_SOURCE MATERIAL_.
==============================

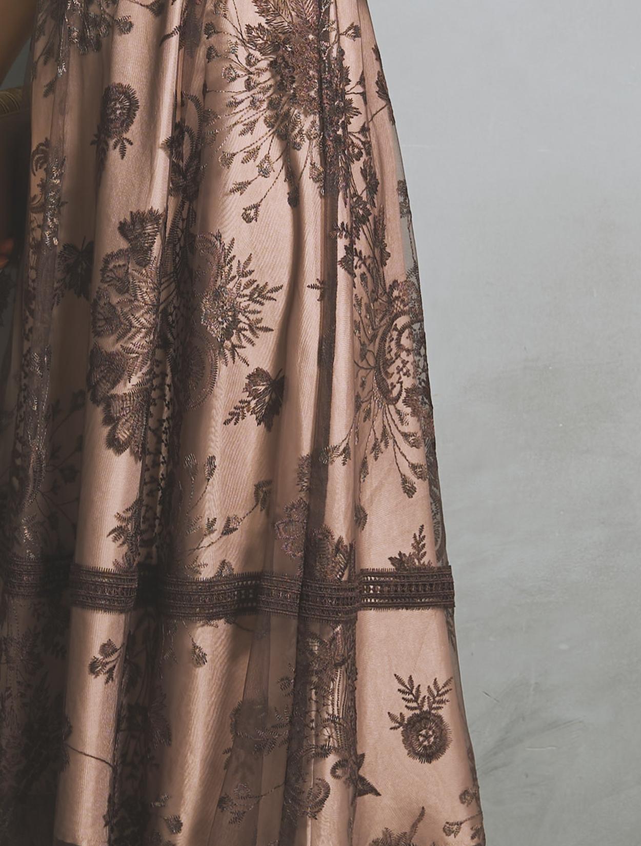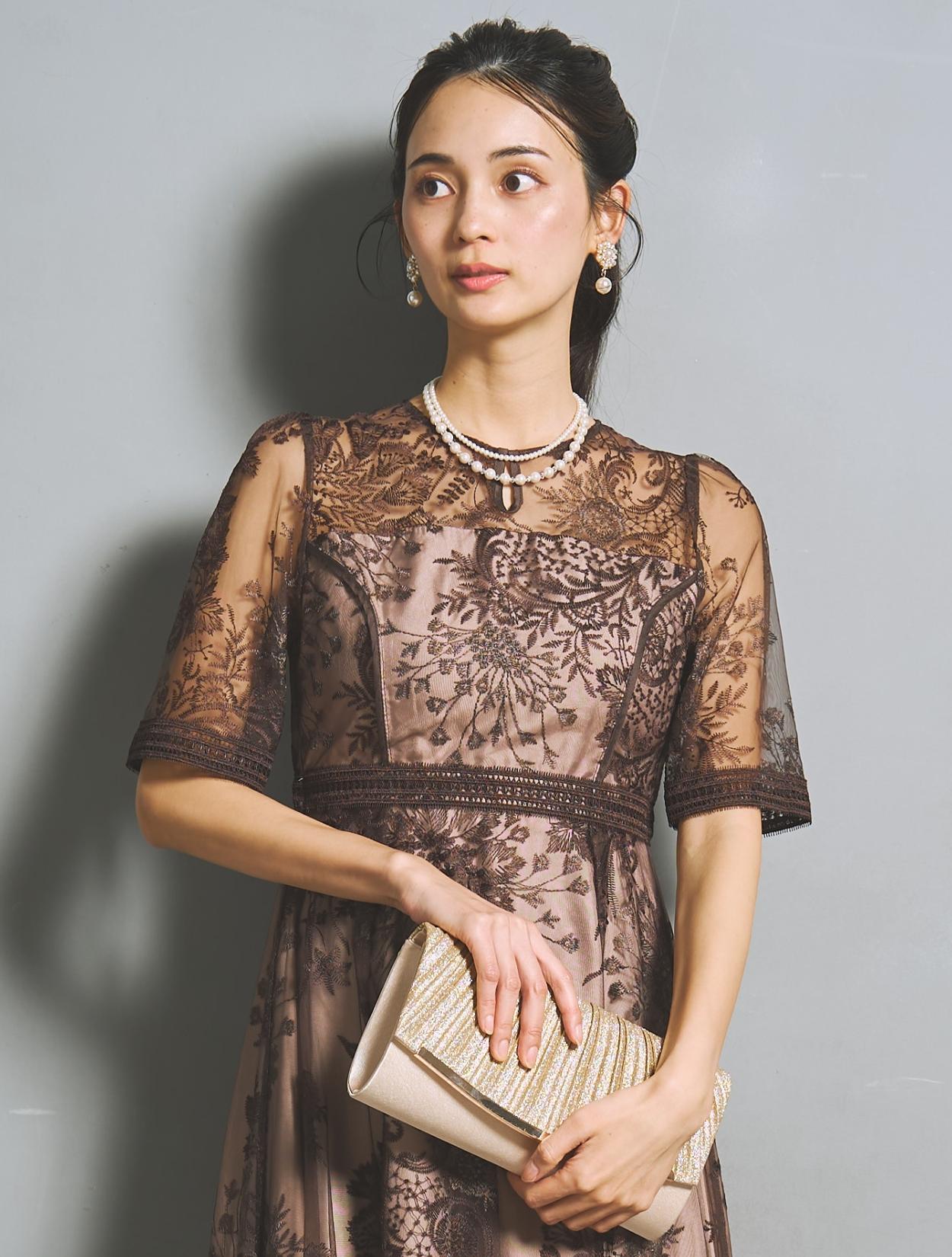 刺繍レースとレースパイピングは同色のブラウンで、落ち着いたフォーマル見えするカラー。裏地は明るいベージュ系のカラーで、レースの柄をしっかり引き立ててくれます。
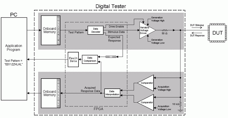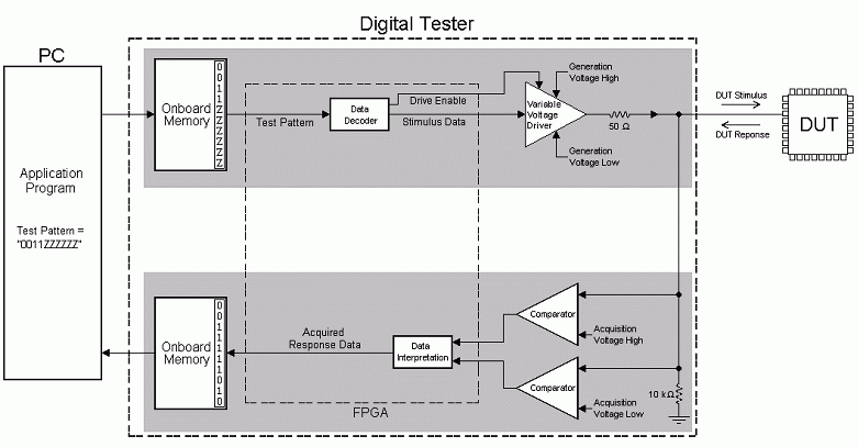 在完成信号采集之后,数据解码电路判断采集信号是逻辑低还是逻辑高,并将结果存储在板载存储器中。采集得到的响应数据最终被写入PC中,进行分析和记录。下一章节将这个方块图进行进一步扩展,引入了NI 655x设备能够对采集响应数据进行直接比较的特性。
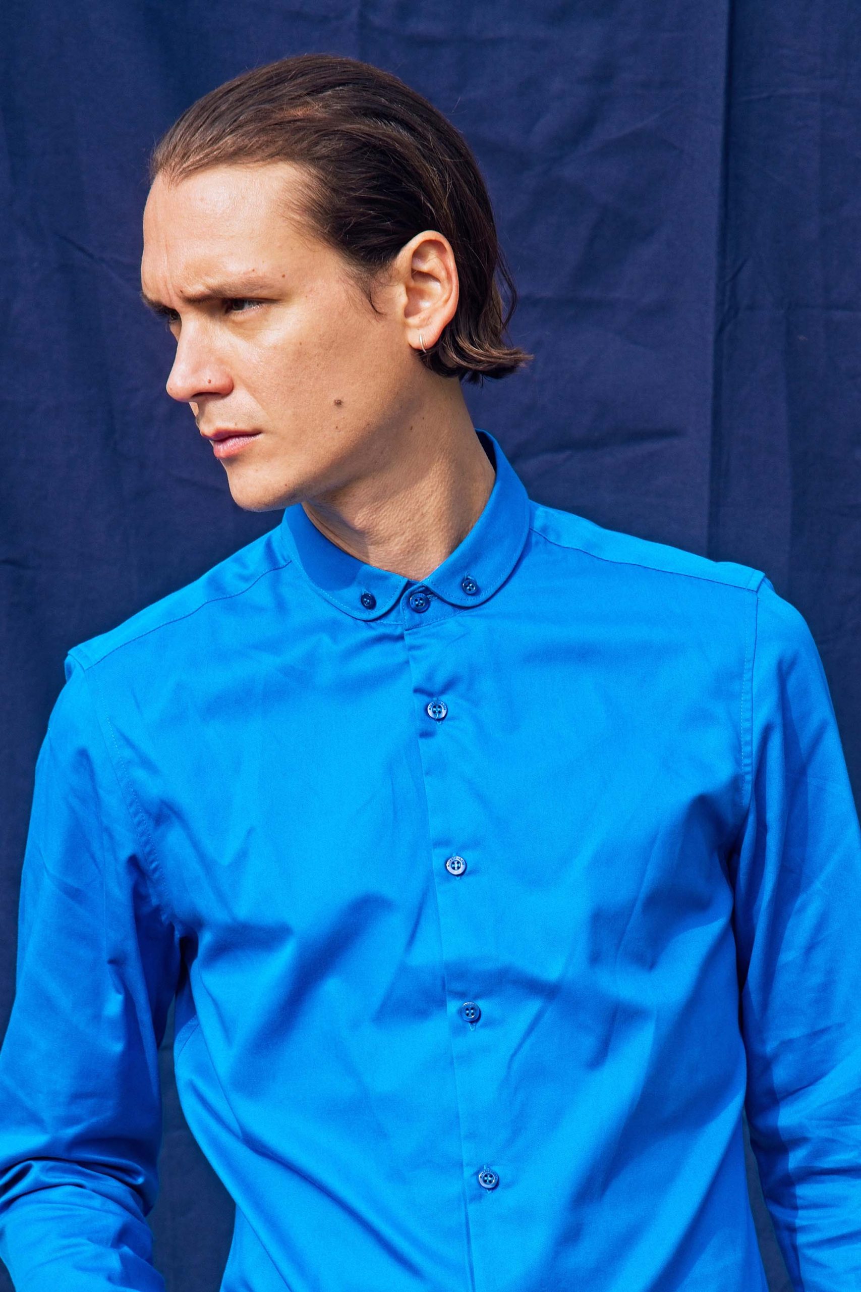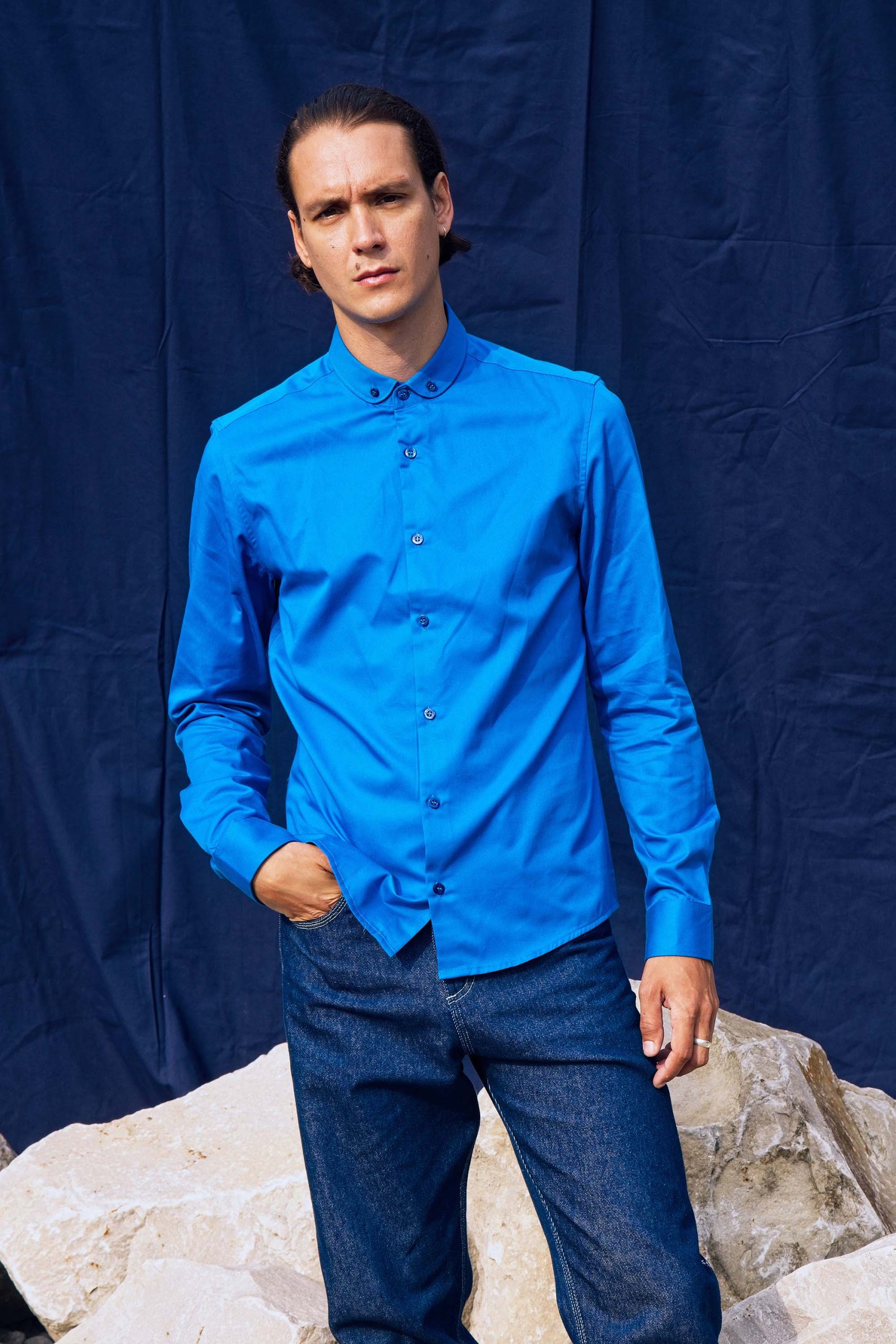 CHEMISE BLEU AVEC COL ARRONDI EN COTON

==============================

_PROBLEM DESCRIPTION_. Beginning with the line that contains "在完成信号采集之后,数据解码" and ending with the final line of the material, reproduce those lines exactly and nothing else. Omit the pictures.

_TASK ANSWER_.
 在完成信号采集之后,数据解码电路判断采集信号是逻辑低还是逻辑高,并将结果存储在板载存储器中。采集得到的响应数据最终被写入PC中,进行分析和记录。下一章节将这个方块图进行进一步扩展,引入了NI 655x设备能够对采集响应数据进行直接比较的特性。
 CHEMISE BLEU AVEC COL ARRONDI EN COTON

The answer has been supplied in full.